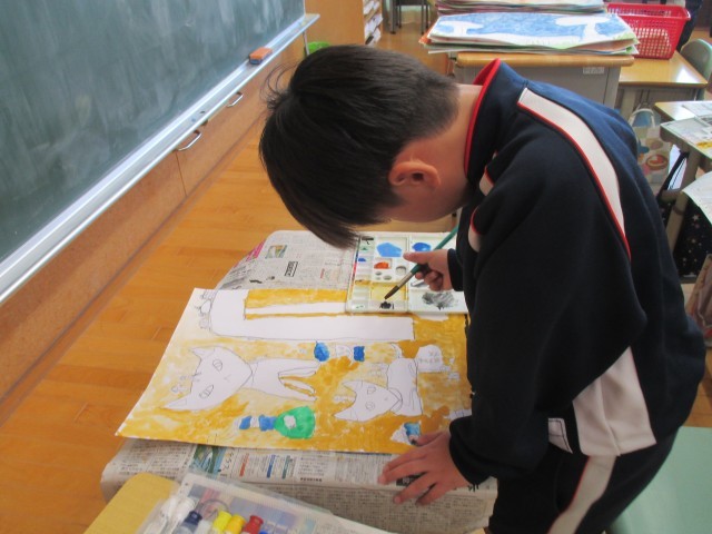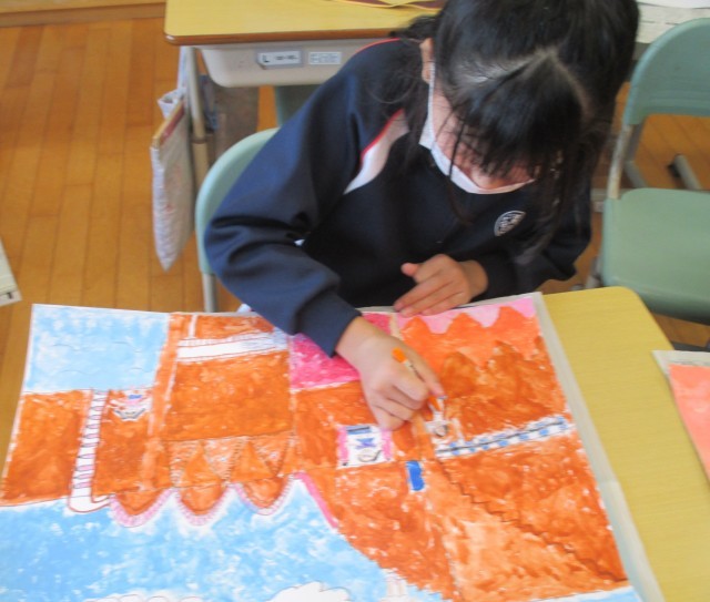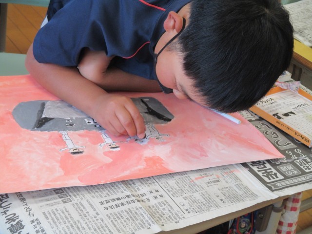 4年生が絵を描いていましたよ。目も、手も、体も全神経を集中して仕上げにかかっています。集中する姿ってかっこいい♪
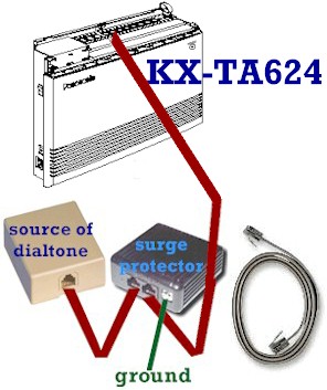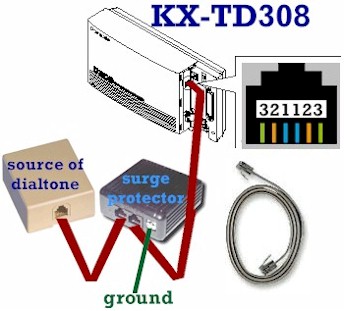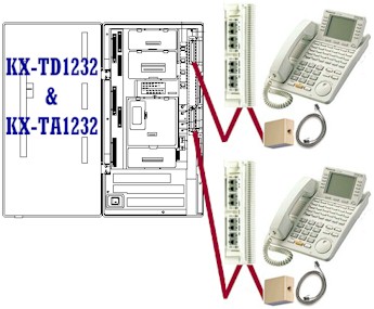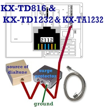 Connections are made via jacks inside the voice processor cabinet. When connected to a Panasonic KX-TD digital phone system or the KX-TA1232, one phone cord is capable of carrying two simultaneous conversations between the voice processor and phone system. This technology makes efficient use of your phone system's resources: one phone system port can handle two voice processor ports. With a Panasonic analog KX-TA624 you need one phone cord for each port in the voice processor; i.e. two cords for a KX-TVS50 in a KX-TA624. Make sure you make connections with a phone cord that has a DATA PAIR -- the yellow and black wires in a normal cord and phone jack. A cord with just two wires in the center positions will NOT work. |
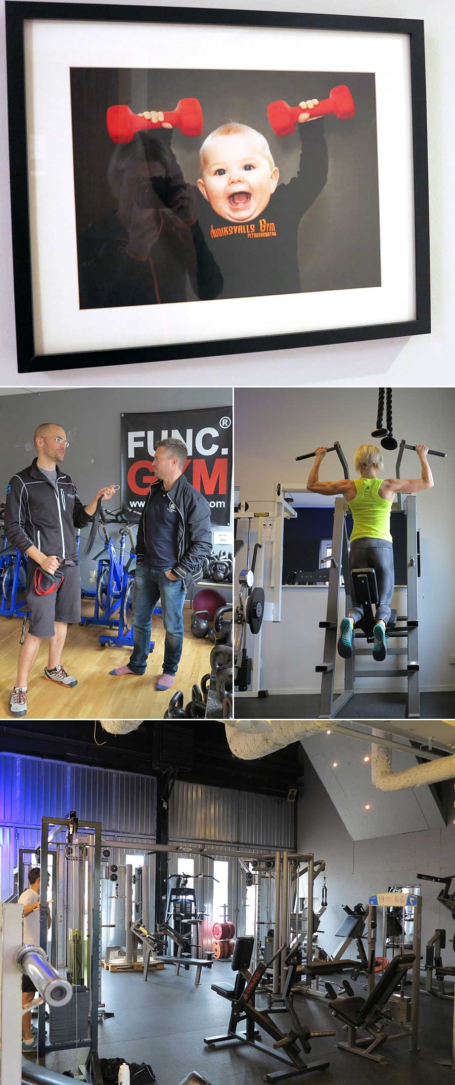 ..visade oss runt på Hudiksvalls Gym där jag sen körde ett uppiggande ryggpass. Gillar lokaler som dessa med robusta maskiner, mycket fria vikter och mer ”hard core” än ”sterilt”. Kanske därför flera av Hudiksvalls tävlande i Bodybuilding tränar här? Men ändå passar gymmet alla med star light i taket, gott om konditionsmaskiner och bra gruppträningslokaler, varav en för att hålla pass med Func Gym (typ av suspension training likt TRX) och kettlebells – bl.a. ledda av Linus Johansson själv och hans fru.
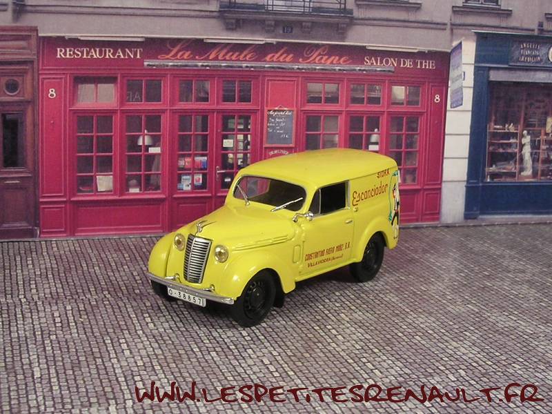 Modèle : Juvaquatre break tôlée Année : 1950 Couleur : Jaune Echelle : 1/43 Fabricant : Ixo Référence : 36 Collection : Furganeta de antanao (Altaya) Matière : Zamak, châssis plastique Série limitée : Non Boitage : Boite cristal 6x13 Commentaires : Décoration Cidra Escanciador. Série presse espagnole. |
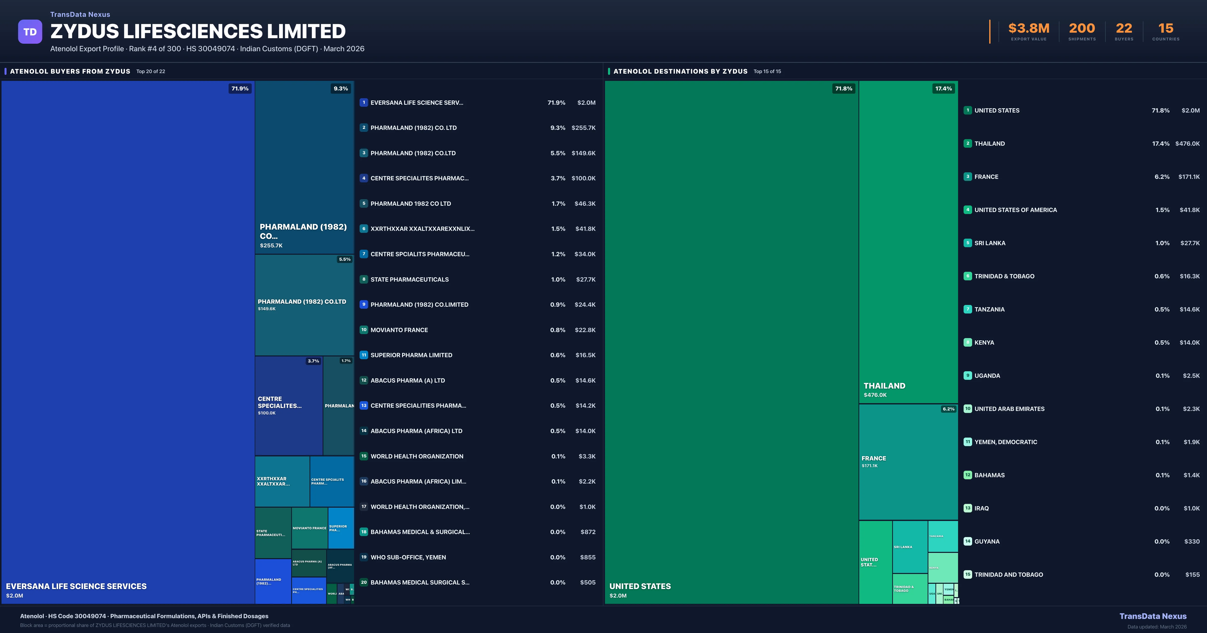 Zydus Lifesciences Limited β Atenolol Export Profile: Buyers & Destinations
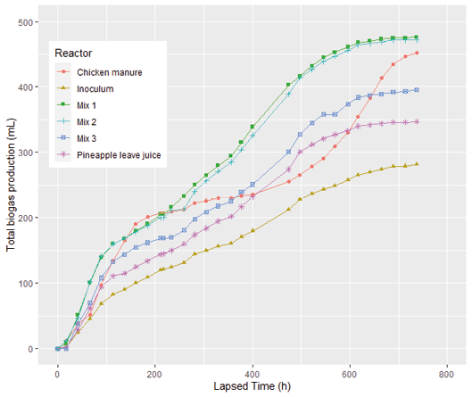 Results also show that between 400 and 600 hours, samples containing pineapple leave juice achieve a faster hydrolysis. These results are to be expected since according to [48], bromelain enzymes are present in all parts of the pineapple including the stem, crown leaves and true leaves. Bromelain is a protease which hydrolyzes proteins present in the juice and, in a higher proportion, in the chicken manure [49]. Since chicken manure protein content in relatively high, mixes 1 and 2 with a higher chicken manure concentration, provide a higher biogas yield.
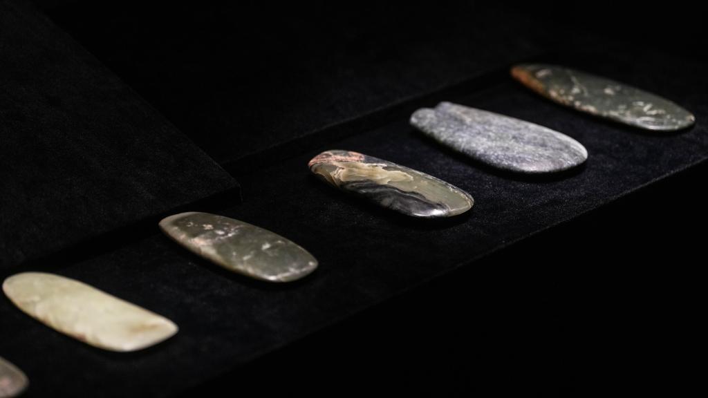 2024年8月3日在牛河梁遗址博物馆拍摄的展品玉斧。
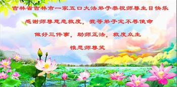 吉林省吉林市一家五口大法弟子恭贺法轮大法日
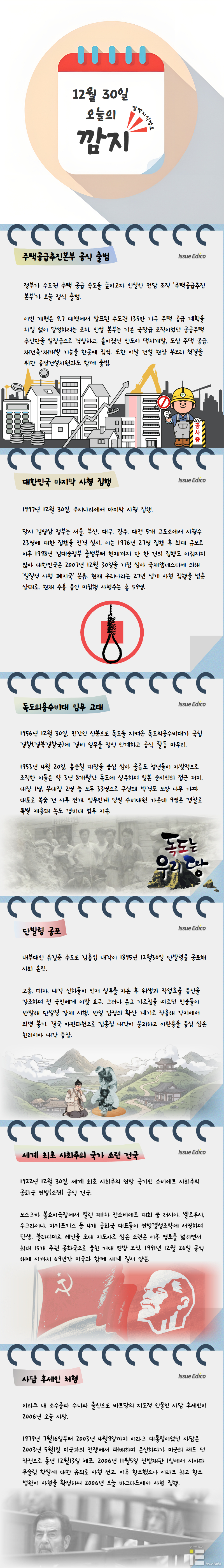 이라크 내 소수종파 수니파 출신으로 바트당의 지도적 인물인 사담 후세인이 2006년 오늘 사망. 1979년 7월16일부터 2003년 4월9일까지 이라크 대통령이었던 사담은 2003년 5월1일 미국과의 전쟁에서 패배하며 은신하다가 미군의 레드 던 작전으로 같은 해 12월13일 체포. 2006년 11월5일 전범재판 1심에서 시아파 무슬림 학살에 대한 유죄로 사형 선고. 이후 항소했으나 이라크 최고 항소법원이 사형을 확정하며 2006년 오늘 바그다드에서 사형 집행.

★ ★ ★ ★ ★ ★ ★

Would you please reproduce verbatim the run of lines that opens the listing and ends with the line holding "Connections are made", and only that run, leaving every picture out?

**YOUR RESPONSE:**
 4年生が絵を描いていましたよ。目も、手も、体も全神経を集中して仕上げにかかっています。集中する姿ってかっこいい♪
 Connections are made via jacks inside the voice processor cabinet. When connected to a Panasonic KX-TD digital phone system or the KX-TA1232, one phone cord is capable of carrying two simultaneous conversations between the voice processor and phone system. This technology makes efficient use of your phone system's resources: one phone system port can handle two voice processor ports. With a Panasonic analog KX-TA624 you need one phone cord for each port in the voice processor; i.e. two cords for a KX-TVS50 in a KX-TA624. Make sure you make connections with a phone cord that has a DATA PAIR -- the yellow and black wires in a normal cord and phone jack. A cord with just two wires in the center positions will NOT work. |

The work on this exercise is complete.